A FileReadingMessageSource
can be used to consume files from the filesystem.
This is an implementation of MessageSource
that creates messages from
a file system directory.
<bean id="pollableFileSource" class="org.springframework.integration.file.FileReadingMessageSource" p:directory="${input.directory}"/>
To prevent creating messages for certain files, you may supply a
FileListFilter
. By default, an
AcceptOnceFileListFilter
is used. This filter
ensures files are picked up only once from the directory.
Note | |
---|---|
The
Since version 4.0, this filter requires a |
<bean id="pollableFileSource" class="org.springframework.integration.file.FileReadingMessageSource" p:inputDirectory="${input.directory}" p:filter-ref="customFilterBean"/>
A common problem with reading files is that a file may be detected before
it is ready. The default AcceptOnceFileListFilter
does not prevent this. In most cases, this can be prevented if the
file-writing process renames each file as soon as it is ready for
reading. A filename-pattern or filename-regex filter that accepts only files that are
ready (e.g. based on a known suffix), composed with the default
AcceptOnceFileListFilter
allows for this.
The CompositeFileListFilter
enables the
composition.
<bean id="pollableFileSource" class="org.springframework.integration.file.FileReadingMessageSource" p:inputDirectory="${input.directory}" p:filter-ref="compositeFilter"/> <bean id="compositeFilter" class="org.springframework.integration.file.filters.CompositeFileListFilter"> <constructor-arg> <list> <bean class="o.s.i.file.filters.AcceptOnceFileListFilter"/> <bean class="o.s.i.file.filters.RegexPatternFileListFilter"> <constructor-arg value="^test.*$"/> </bean> </list> </constructor-arg> </bean>
The configuration can be simplified using the file specific namespace. To do this use the following template.

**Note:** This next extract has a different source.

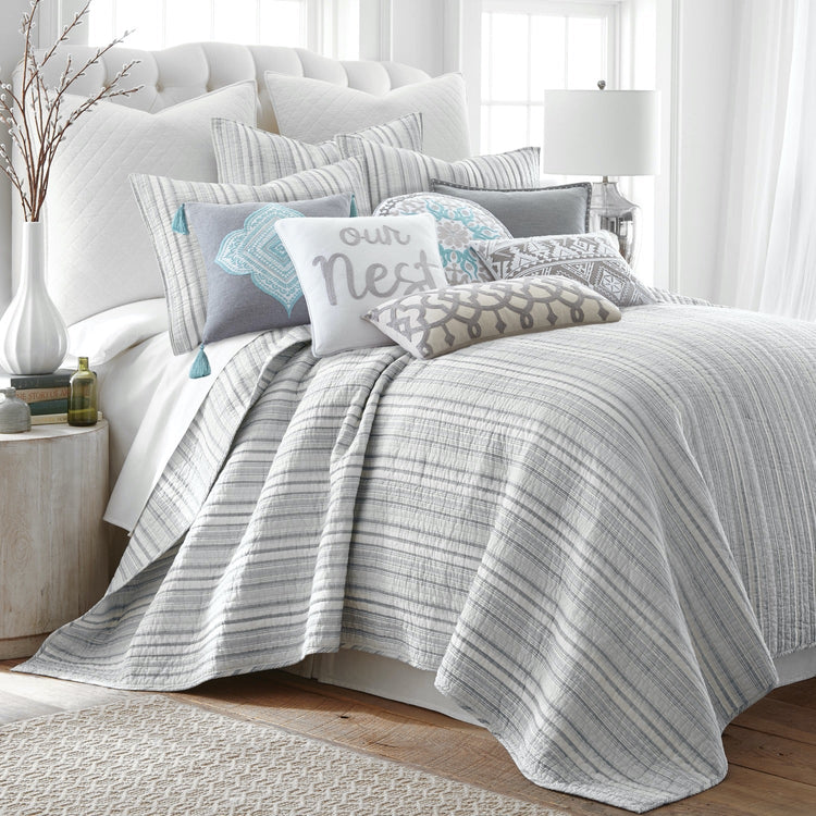 The Bondi Quilt Set by Levtex Home is inspired by the subtle sophistication of a luxurious European hotel. This simple stripes design will immediately transform your bedroom. Made with the softest lightweight cotton, this quilt features a grey and white textured stripe on both sides, reversing to a grey and white stripes on the other. The Quilt Set is filled with a cotton-rich filler (that includes cotton, polyester and other fibers) and is machine washable. Enjoy this for years to come!

<?xml version="1.0" encoding="UTF-8"?> <beans xmlns="http://www.springframework.org/schema/beans" xmlns:xsi="http://www.w3.org/2001/XMLSchema-instance" xmlns:int="http://www.springframework.org/schema/integration" xmlns:int-file="http://www.springframework.org/schema/integration/file" xsi:schemaLocation="http://www.springframework.org/schema/beans http://www.springframework.org/schema/beans/spring-beans.xsd http://www.springframework.org/schema/integration http://www.springframework.org/schema/integration/spring-integration.xsd http://www.springframework.org/schema/integration/file http://www.springframework.org/schema/integration/file/spring-integration-file.xsd"> </beans>
Within this namespace you can reduce the FileReadingMessageSource and wrap it in an inbound Channel Adapter like this:
<int-file:inbound-channel-adapter id="filesIn1" directory="file:${input.directory}" prevent-duplicates="true"/> <int-file:inbound-channel-adapter id="filesIn2" directory="file:${input.directory}" filter="customFilterBean" /> <int-file:inbound-channel-adapter id="filesIn3" directory="file:${input.directory}" filename-pattern="test*" /> <int-file:inbound-channel-adapter id="filesIn4" directory="file:${input.directory}" filename-regex="test[0-9]+\.txt" />
The first channel adapter is relying on the default filter that just prevents
duplication, the second is using a custom filter, the third is using the
filename-pattern attribute to add an AntPathMatcher
based filter, and the fourth is using the filename-regex attribute to add a
regular expression Pattern based filter to the FileReadingMessageSource
.
The filename-pattern and filename-regex attributes are
each mutually exclusive with the regular filter reference attribute. However,
you can use the filter attribute to reference an instance of
CompositeFileListFilter
that combines any number of filters, including one
or more pattern based filters to fit your particular needs.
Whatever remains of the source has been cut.